Thiele, Rolf, Indexeintrag: Deutsche Biographie, https://www.deutsche-biographie.de/pnd138680965.html [24.04.2024].

CC0

  • Genealogie

    Außerehel. V u. seit 1931 Adoptiv-V (?) Wilhelm Simmchen, Beamter;
    M Marie T., Dienstmädchen; 1) N. N., 2) 1961/62 Nicole Badal (* 1940), aus Den Haag, Schausp.;
    S.

  • Biographie

    T. wuchs bei Verwandten seiner Mutter auf, die Eltern heirateten erst 1931, das Verhältnis zum Vater blieb distanziert.

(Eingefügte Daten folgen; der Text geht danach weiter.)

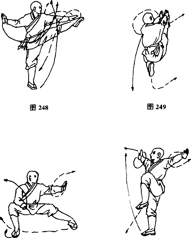 起双脚,抬右脚向前弹踢,当全身腾空时,出右手向前拍击 右脚面(见图247) 0

Nach der Volks-, danach der Bürgerschule besuchte T. bis 1934 die Handels-Akademie in Aussig; 1937 meldete er sich zum Wehrdienst in der tschechoslowak. Armee, den er trotz einer Gehbehinderung antreten konnte. Im Okt. 1938 – nach dem Münchner Abkommen – wurde er wegen seiner dt. Nationalität entlassen und trat in die Wehrmacht ein, um seine Militärkarriere fortzusetzen. 1940 krankheitsbedingt beurlaubt, begann er ein Studium der Auslandswissenschaften und Philosophie in Berlin, das er 1943 in Prag fortsetzte. Eine von dem Philosophen Nicolai Hartmann betreute Dissertation vollendete er nicht. Noch in Berlin hatte er Bekanntschaft mit dem Juristen Hans Abich (1918–2003) geschlossen. Beide filmbegeistert, verfaßten sie nach Kriegsende das Manifest „Film gegen den Film“, ein Plädoyer für einen organisatorischen und konzeptionellen Neuanfang des dt. Films. 1946 gründeten sie, mit einer Lizenz der brit. Militärregierung versehen, in Göttingen die Produktionsfirma „Filmaufbau GmbH“; als deren erster Spielfilm entstand Wolfgang Liebeneiners „Liebe 47“ (1949), eine Adaption von Wolfgang Borcherts Schauspiel „Draußen vor der Tür“.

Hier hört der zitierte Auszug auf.